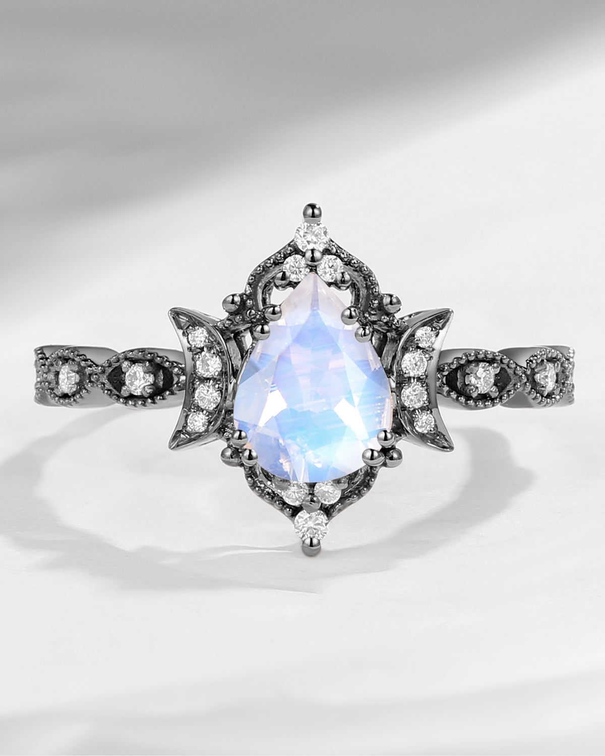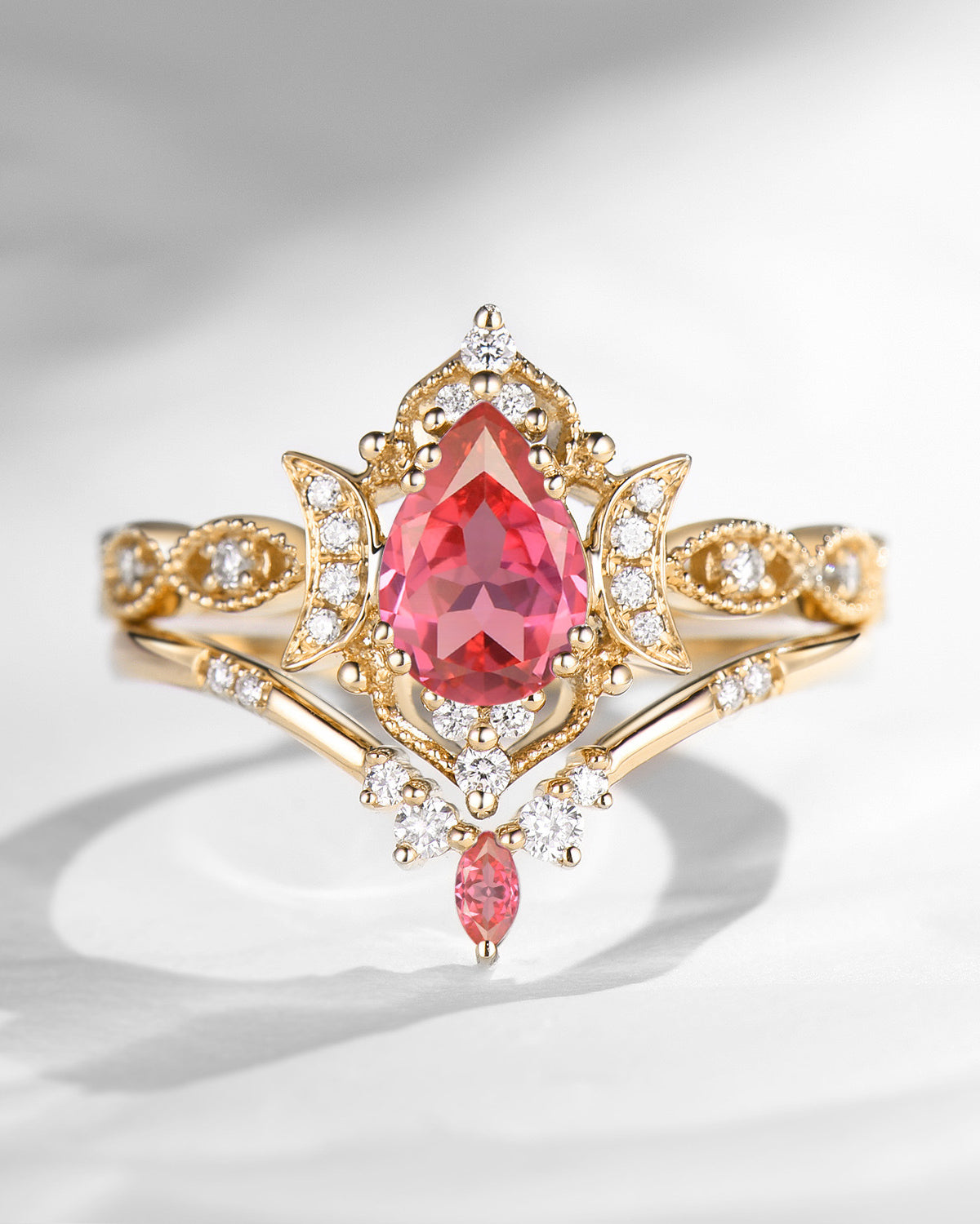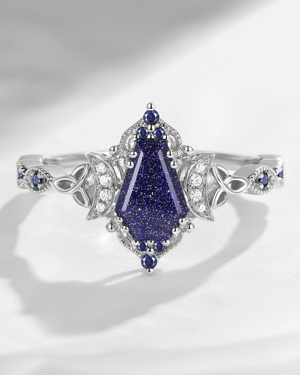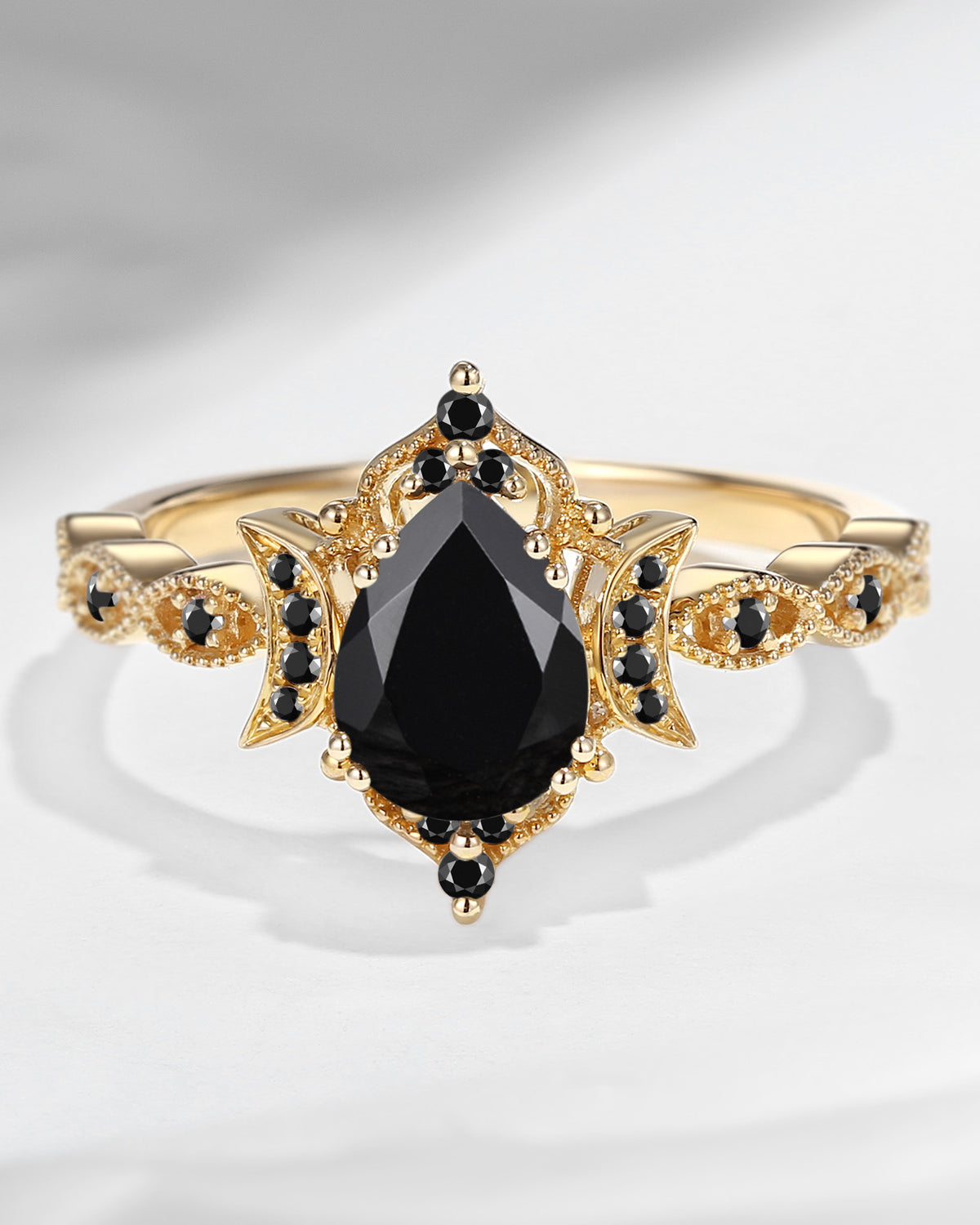 The new moon is often symbolic of new beginnings which this ring personifies for a couple starting their new life together. The crescent on the ring adorned with sparkling diamonds or other gemstones, like stars embellishing below the moon, making the ring both mystically charming and gorgeously radiant. This crescent shape ring is an ideal choice for a proposal or even daily wear, showcasing the wearer's personality in a unique way and serves as a beautiful promise of the future. Crescent moon is our proudest design by far. The crescent moon ring represents a new beginning, a process of starting over and vitality. Each crescent moon engagement ring is as unique as it can get while preserving a wonderful balance between vintage vibes and simplicity. The crescent moon ring can be of different shapes and different stone color even different side stones because here in StarlandUS, every one gets to create their own crescent moon, so as their own beginning.
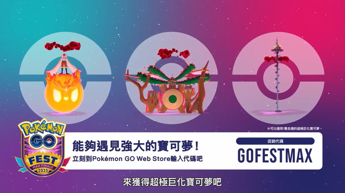另外,能夠遇見強大寶可夢的促銷代碼「GOFESTMAX」現正發布中,訓練家們可以現在立刻來輸入領取,獲得這些強大的超極巨化寶可夢,為接下來的無極汰那挑戰作好準備。
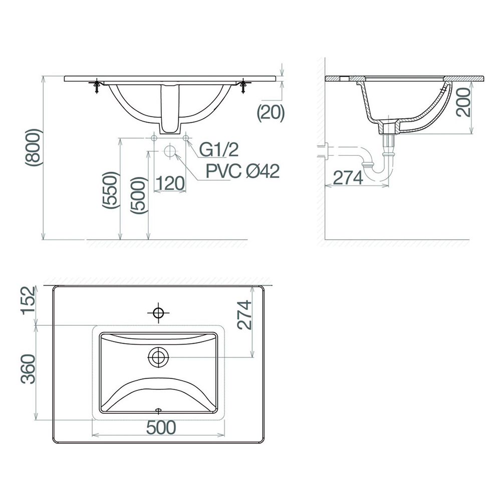 Bản vẽ kỹ thuật chậu rửa lavabo âm bàn Viglacera TS1
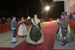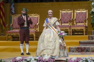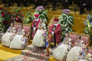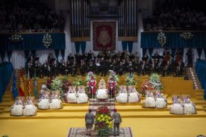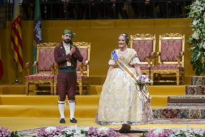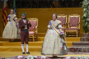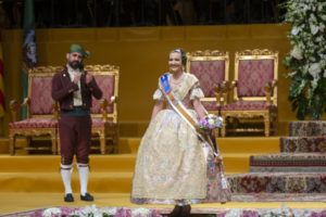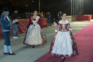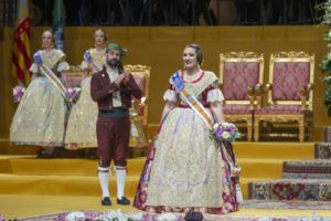 El Presidente de Junta Central Fallera, Pere Fuset, esperaba en el escenario a las 12 chicas que componen la Corte de Honor de la Fallera Mayor de Valencia. Él era el encargado de hacerles imposición de su banda y la joia que las acredita como máximas representantes del mundo fallero. Una a una iban ocupando los tronos que se habían dispuesto en el escenario esperando recibir a su Fallera Mayor en una noche mágica para todas ellas.

━━━━━━━━━━━━━━━━━━━━

■ **Assignment**: Restate all of the material word for word. Keep out every picture.

■ **Answer**:
 The new moon is often symbolic of new beginnings which this ring personifies for a couple starting their new life together. The crescent on the ring adorned with sparkling diamonds or other gemstones, like stars embellishing below the moon, making the ring both mystically charming and gorgeously radiant. This crescent shape ring is an ideal choice for a proposal or even daily wear, showcasing the wearer's personality in a unique way and serves as a beautiful promise of the future. Crescent moon is our proudest design by far. The crescent moon ring represents a new beginning, a process of starting over and vitality. Each crescent moon engagement ring is as unique as it can get while preserving a wonderful balance between vintage vibes and simplicity. The crescent moon ring can be of different shapes and different stone color even different side stones because here in StarlandUS, every one gets to create their own crescent moon, so as their own beginning.
另外,能夠遇見強大寶可夢的促銷代碼「GOFESTMAX」現正發布中,訓練家們可以現在立刻來輸入領取,獲得這些強大的超極巨化寶可夢,為接下來的無極汰那挑戰作好準備。
 Bản vẽ kỹ thuật chậu rửa lavabo âm bàn Viglacera TS1
 El Presidente de Junta Central Fallera, Pere Fuset, esperaba en el escenario a las 12 chicas que componen la Corte de Honor de la Fallera Mayor de Valencia. Él era el encargado de hacerles imposición de su banda y la joia que las acredita como máximas representantes del mundo fallero. Una a una iban ocupando los tronos que se habían dispuesto en el escenario esperando recibir a su Fallera Mayor en una noche mágica para todas ellas.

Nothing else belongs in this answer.